> **EXERCISE DESCRIPTION**: Leaving out the pictures, return word for word the stretch of entries below from the line holding "Fresh cream, soft" through the line holding "Thanks to an".

### RECORDS PROVIDED

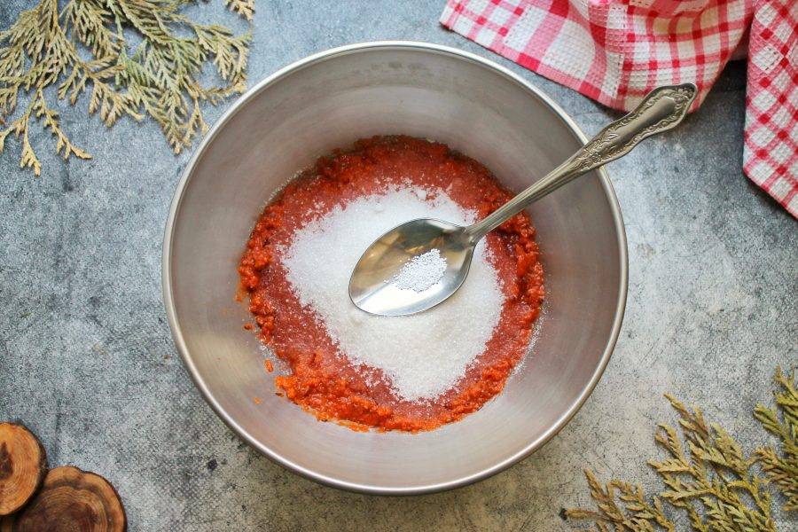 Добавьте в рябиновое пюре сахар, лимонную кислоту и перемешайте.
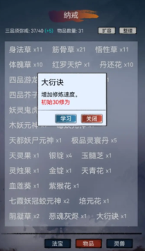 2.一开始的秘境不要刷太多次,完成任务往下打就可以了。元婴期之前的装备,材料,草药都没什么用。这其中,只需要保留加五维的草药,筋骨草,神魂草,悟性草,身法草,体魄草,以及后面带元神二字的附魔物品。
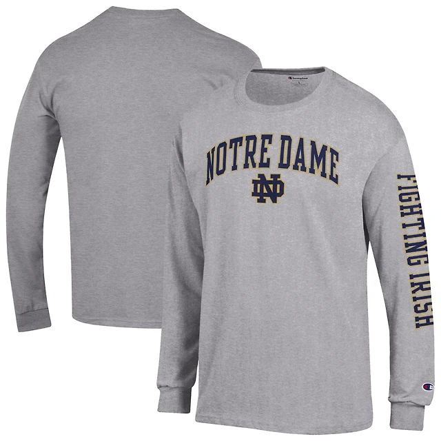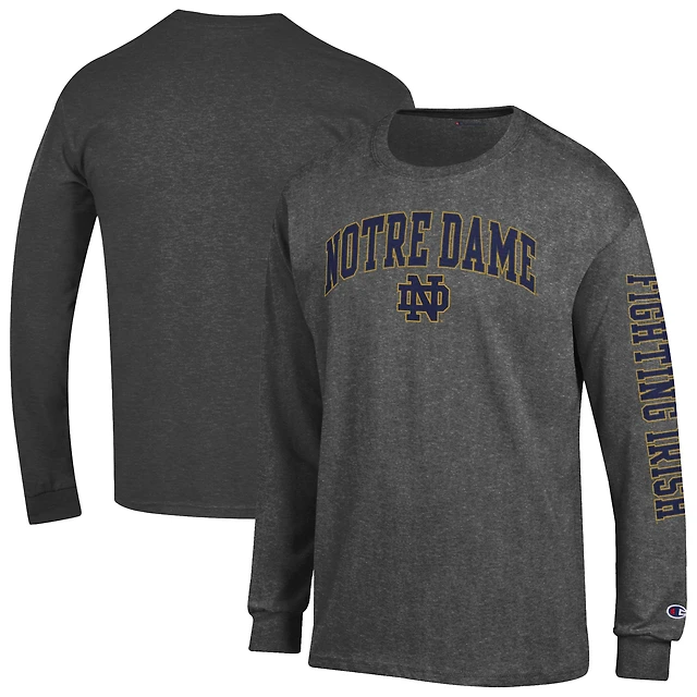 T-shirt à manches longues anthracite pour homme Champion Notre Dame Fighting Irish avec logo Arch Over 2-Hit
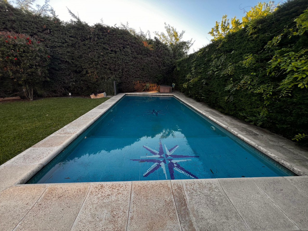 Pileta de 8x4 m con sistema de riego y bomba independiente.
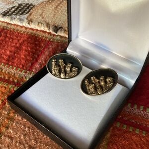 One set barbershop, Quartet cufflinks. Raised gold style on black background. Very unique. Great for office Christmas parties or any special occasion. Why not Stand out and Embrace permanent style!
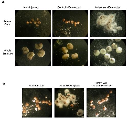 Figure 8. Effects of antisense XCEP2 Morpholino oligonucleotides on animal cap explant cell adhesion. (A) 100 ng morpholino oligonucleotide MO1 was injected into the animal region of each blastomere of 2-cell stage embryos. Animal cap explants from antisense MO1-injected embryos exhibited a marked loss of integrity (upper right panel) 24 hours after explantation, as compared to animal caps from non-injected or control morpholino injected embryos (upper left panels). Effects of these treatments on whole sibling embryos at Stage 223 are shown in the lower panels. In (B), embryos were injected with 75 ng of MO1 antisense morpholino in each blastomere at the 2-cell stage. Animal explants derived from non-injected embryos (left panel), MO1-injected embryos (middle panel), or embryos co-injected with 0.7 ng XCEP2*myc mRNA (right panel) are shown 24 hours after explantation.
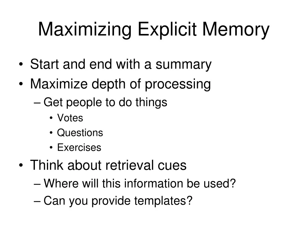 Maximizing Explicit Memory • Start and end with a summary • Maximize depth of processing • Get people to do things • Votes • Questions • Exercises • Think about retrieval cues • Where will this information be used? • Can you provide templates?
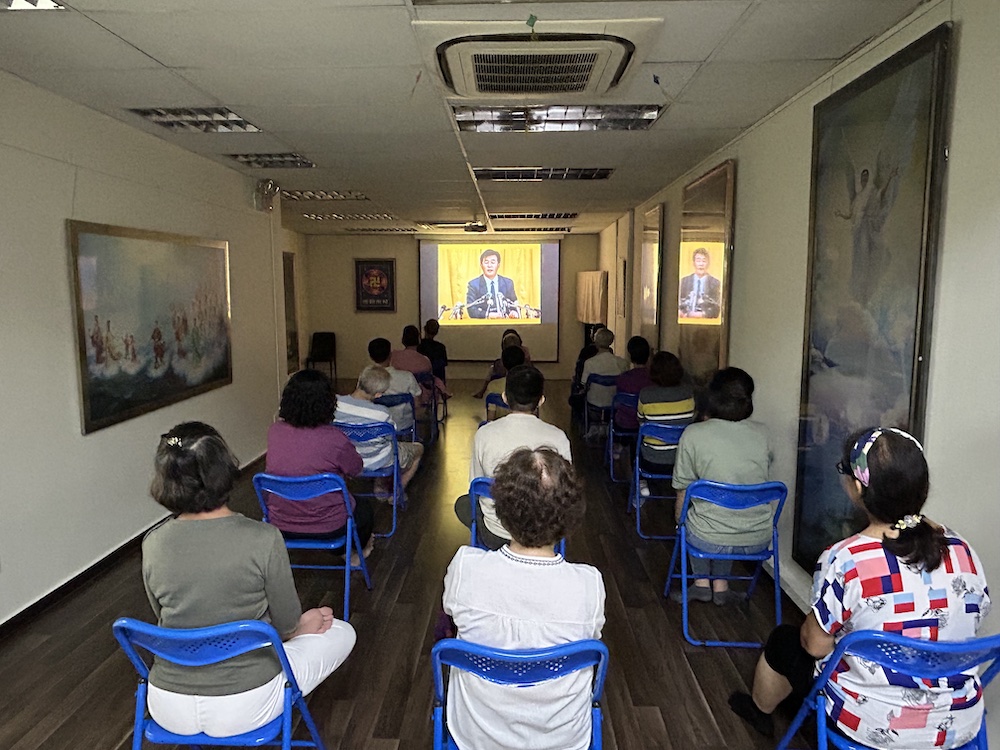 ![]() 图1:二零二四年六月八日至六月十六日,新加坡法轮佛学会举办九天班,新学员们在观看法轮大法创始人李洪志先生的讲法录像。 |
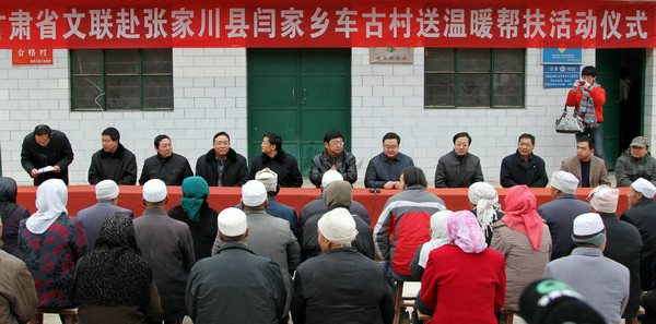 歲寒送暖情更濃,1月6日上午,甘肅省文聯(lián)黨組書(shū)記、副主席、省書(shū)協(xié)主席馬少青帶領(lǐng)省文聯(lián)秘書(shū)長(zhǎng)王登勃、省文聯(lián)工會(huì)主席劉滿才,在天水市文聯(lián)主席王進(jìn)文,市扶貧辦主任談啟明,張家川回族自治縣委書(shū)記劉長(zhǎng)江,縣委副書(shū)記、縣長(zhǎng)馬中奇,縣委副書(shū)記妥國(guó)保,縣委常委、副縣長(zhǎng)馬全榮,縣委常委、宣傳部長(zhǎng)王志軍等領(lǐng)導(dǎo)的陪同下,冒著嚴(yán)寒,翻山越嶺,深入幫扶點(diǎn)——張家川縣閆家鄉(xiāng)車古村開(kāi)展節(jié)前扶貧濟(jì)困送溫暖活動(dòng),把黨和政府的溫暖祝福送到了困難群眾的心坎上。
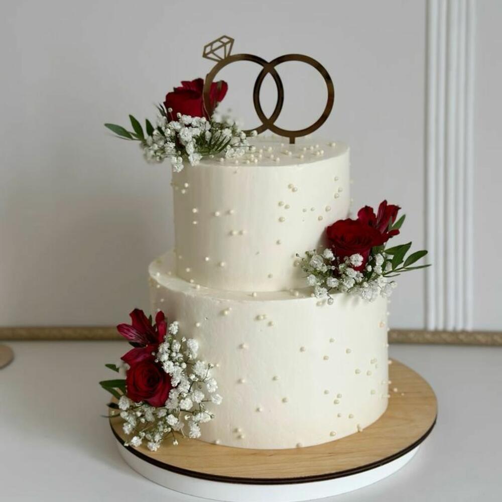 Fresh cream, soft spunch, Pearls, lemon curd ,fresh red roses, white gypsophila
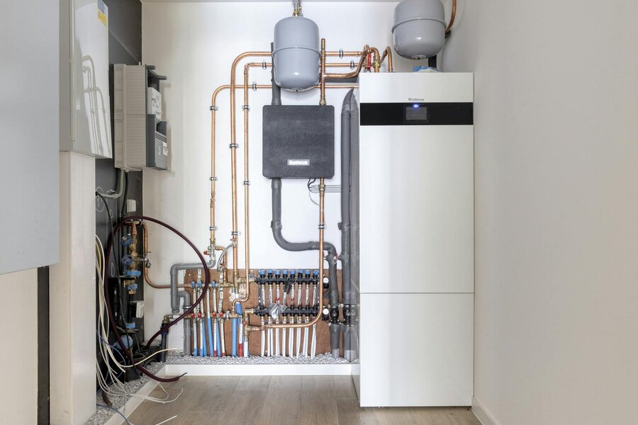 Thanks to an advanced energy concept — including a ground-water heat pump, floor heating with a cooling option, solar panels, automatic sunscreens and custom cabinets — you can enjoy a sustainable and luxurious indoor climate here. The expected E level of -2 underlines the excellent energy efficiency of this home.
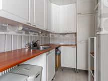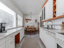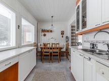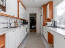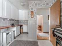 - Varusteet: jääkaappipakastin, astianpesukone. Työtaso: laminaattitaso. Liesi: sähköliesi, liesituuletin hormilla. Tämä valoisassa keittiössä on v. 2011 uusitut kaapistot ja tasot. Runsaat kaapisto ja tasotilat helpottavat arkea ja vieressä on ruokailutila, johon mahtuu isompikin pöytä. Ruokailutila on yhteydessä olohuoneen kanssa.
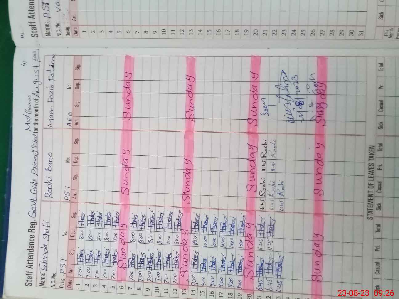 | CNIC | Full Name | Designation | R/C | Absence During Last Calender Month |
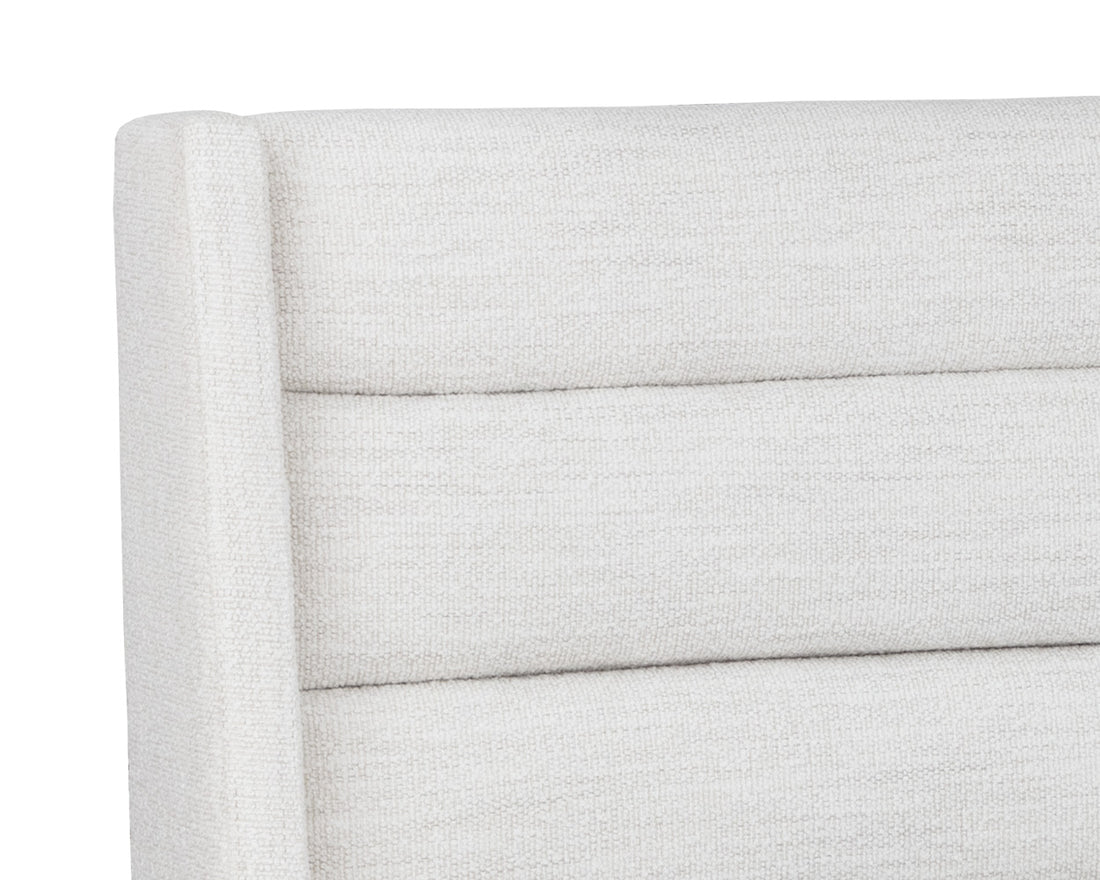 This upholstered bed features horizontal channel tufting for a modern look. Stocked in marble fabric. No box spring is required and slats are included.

######

> **EXPECTED ANSWER**:
 Fresh cream, soft spunch, Pearls, lemon curd ,fresh red roses, white gypsophila
 Thanks to an advanced energy concept — including a ground-water heat pump, floor heating with a cooling option, solar panels, automatic sunscreens and custom cabinets — you can enjoy a sustainable and luxurious indoor climate here. The expected E level of -2 underlines the excellent energy efficiency of this home.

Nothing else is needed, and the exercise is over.